Wayne Hawkins

No. 65
- Position: Guard

Personal information
- Born: June 17, 1938 Fort Peck, Montana, U.S.
- Died: July 25, 2022 (aged 84)
- Listed height: 6 ft 0 in (1.83 m)
- Listed weight: 240 lb (109 kg)

Career information
- High school: Shasta (Redding, California)
- College: Pacific (1956–1959)
- AFL draft: 1960

Career history
- Oakland Raiders (1960–1970);

Awards and highlights
- AFL champion (1967); 5× Second-team All-AFL (1963–1967); 5× AFL All-Star (1963–1967);

Career AFL/NFL statistics
- Games played: 136
- Games started: 104
- Fumble recoveries: 2
- Stats at Pro Football Reference

= Wayne Hawkins =

American football player (1938–2022)

Wayne Allen Hawkins (June 17, 1938 – July 25, 2022) was an American professional football guard who played for ten seasons in the American Football League (AFL) and the National Football League (NFL). He played for the Oakland Raiders from its founding in 1960 until 1970. He played college football for the Pacific Tigers and was drafted by the Denver Broncos in the AFL's first draft in 1960, he joined the Raiders through the allocation draft before the start of the first AFL season.

==Early life and amateur career==
Hawkins was born in Fort Peck, Montana, on June 17, 1938. He attended Shasta High School in Redding, California. He enrolled at the University of the Pacific and played college football for the Pacific Tigers.

==Professional career==

The Denver Broncos selected Hawkins among their first selections in the 1960 AFL draft. However, he was assigned to the Oakland Raiders before the 1960 season. He went on to become one of only twenty AFL players who played in the AFL for entirety of the league's 10-year run.

Hawkins started as right guard for the Raiders from the teams' inception in 1960 thru the 1969 AFL season. He played on the Raiders' taxi squad in 1970, and announced his retirement in 1971. He was later voted to the All-Time Raider team. He earned AFL All-Star honors for five straight years beginning in 1963, and was on the 1967 AFL Champion team that competed in Super Bowl II against the Green Bay Packers. He is a member of the American Football League Hall of Fame.

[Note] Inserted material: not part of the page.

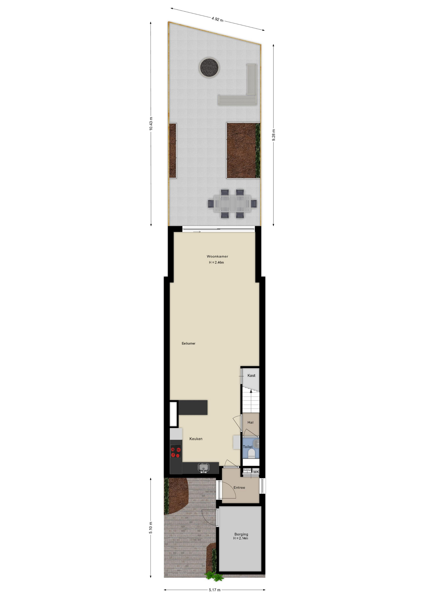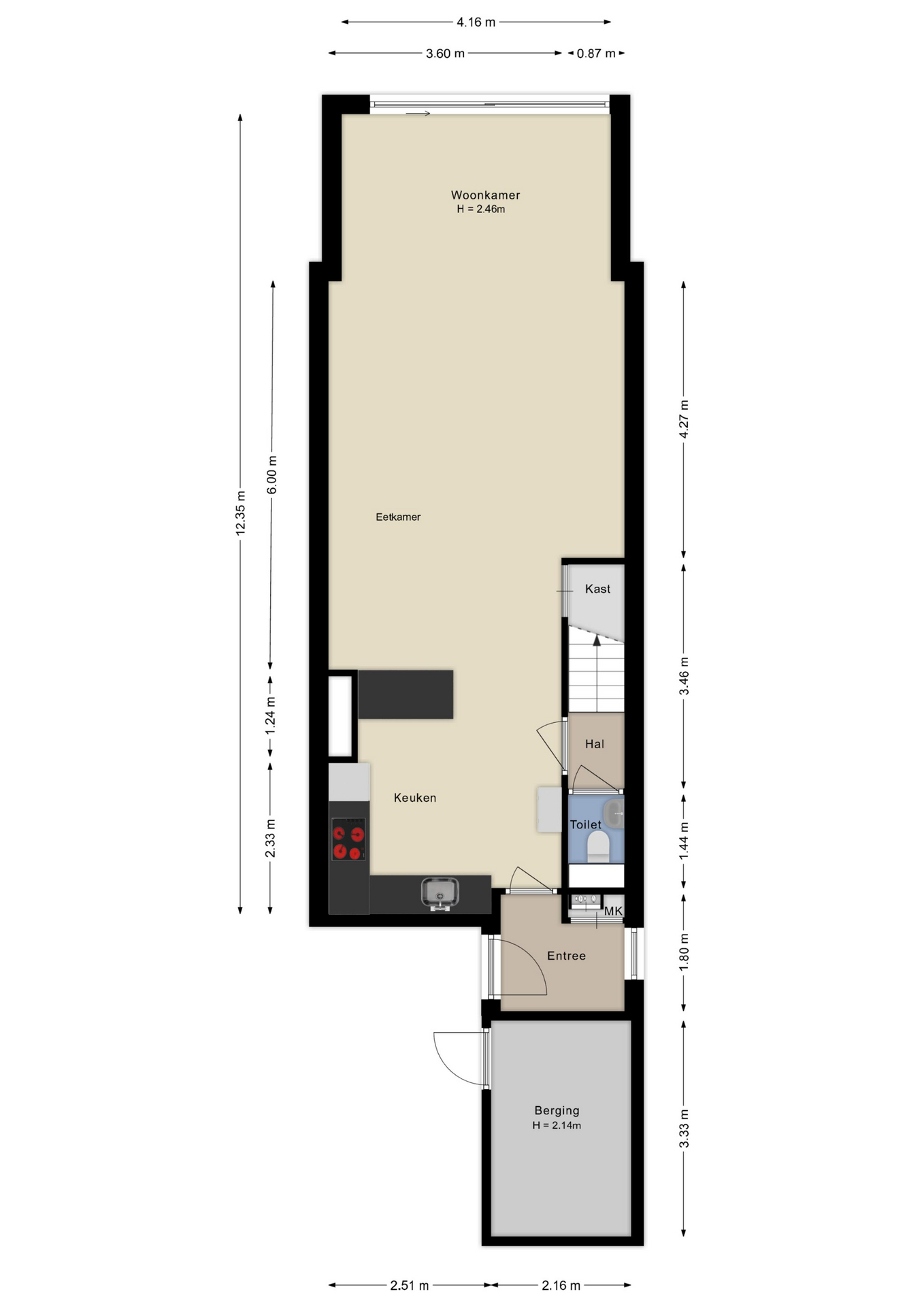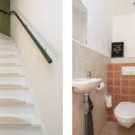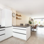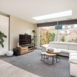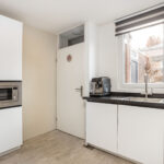 Je komt binnen in de entree met hal en meterkast. Via een tussenhal bereik je de toiletruimte, voorzien van een hangend toilet met fontein, en de trap naar de verdieping. De royale woonkamer is in 2019 uitgebouwd en voorzien van een fraaie lichtstraat, wat zorgt voor een heerlijke lichtinval. De ruimte is afgewerkt met strak gestucte wanden, een PVC-vloer en beschikt over een praktische trapkast. Vanuit de woonkamer heb je toegang tot de achtertuin.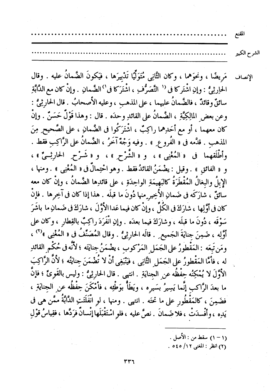مَرِيضًا، ونحوَهما، وكان الثَّانِي مُتَوَلِّيًا تَدْبِيرَها، فيَكونَ الضَّمانُ عليه. وقال الحارثِيُّ: وإنِ اشْتَركا في [التَّصَرُّفِ، اشْتَرَكا في] (¬1) الضَّمانِ. وإنْ كان مع الدَّابَّةِ سائق وقائدٌ، فالضَّمانُ عليهما، على المذهبِ، وعليه الأصحابُ. قال الحارِثِيُّ: وعن بعضِ المالِكِيَّةِ، الضَّمانُ على القائدِ وحدَه. قال: وهذا قَوْلٌ حَسَنٌ. وإنْ كان معهما، أو مع أحَدِهما راكِبٌ، اشْتَرَكُوا في الضَّمانِ، على الصَّحيحِ مِنَ المذهبِ. قدَّمه في «الفُروعِ». وفيه وَجْهٌ آخَرُ، الضَّمانُ على الراكِبِ فقط. وأطْلَقهما في «المُغْنِي»، و «الشَّرْحِ»، و «شَرْحِ الحارِثِيِّ»، و «الفائقِ». وقيل: يضْمَنُ القائدُ فقط. وهو احْتِمالٌ في «المُغْنِي». ومنها، الإبِلُ والبِغالُ المُقْطَرَةُ كالبَهِيمَةِ الواحِدَةِ، على قائدِها الضَّمانُ، وإنْ كان معه سائقٌ، شارَكَه في ضَمانِ الأخِير منها دُونَ ما قبلَه. هذا إذا كان في آخِرِها. فإنْ كان في أوَّلِها، شارَكَ في الكُلِّ، وإنْ كان فيما عَدا الأوَّلَ، شارَكَ في ضَمانِ ما باشَرَ سَوْقَه، دُونَ ما قبلَه، وشارَكَ فيما بعدَه. وإنِ انْفَرَدَ راكِبٌ بالقِطار، وكان على أوَّلِه، ضَمِنَ جِنايَةَ الجَميعِ. قاله الحارِثِيُّ. وقال المُصَنِّفُ في «المُغْنِي» (¬2)، ومَن تَبعَه: المَقْطورُ على الجَمَلِ المَرْكوبِ، يضْمَنُ جِنايَتَه؛ لانَّه في حُكْمِ القائدِ له، فأَمَّا المَقْطورُ على الجَمَلِ الثَّانِي، فيَنْبَغِي أنْ لا تُضْمَنَ جِنايَتُه؛ لأنَّ الرَّاكِبَ الأوَّلَ لا يُمْكِنُه حِفْظُه عنِ الجِنايَةِ. انتهى. قال الحارِثِيُّ: وليس بالقَويِّ؛ فإنَّ ما بعدَ الراكبِ إنَّما يَسِيرُ بسَيرِه، ويَطَأُ بوَطْئِه، فأمْكَنَ حِفْظُه عنِ الجِنايَةِ، فضَمِنَ، كالمَقْطُورِ على ما تحتَه. انتهى. ومنها، لو انْفَلَتَتِ الدَّابةُ ممَّن هي في يَدِه، وأفْسدَتْ، فلا ضمانَ. نصَّ عليه، فلو اسْتَقْبَلَها إنْسانٌ فرَدَّها، فقِياسُ قوْلِ

In Super Bowl II, Hawkins faced off against Jerry Kramer of the Green Bay Packers. Hawkins and Kramer are both from Jordan, Montana, and had the same doctor, while their mothers shared a friendship.

==Later life==
During the mid-1980s, Hawkins collaborated with fellow former Oakland teammates Bob Svihus and Dave Dalby to author the book, Raider: How Offensive Can You Be? A 25-year History of the Oakland Raiders, published by Peninsula Publishing in Monterey, California.

In the real estate investment business, Hawkins was an avid golfer who supported Caring for Kids, an organization which benefits the Monterey Bay Boys & Girls Clubs and the Children's Miracle Network. Each year, a group of retired professional football players, including many greats from the Pro Football Hall of Fame, compete in the Legends Golf Tournament held annually at The Spanish Bay Inn, Pebble Beach, and Spyglass Hill golf.

On July 28, 2022, The Raiders announces Hawkins's death on July 25.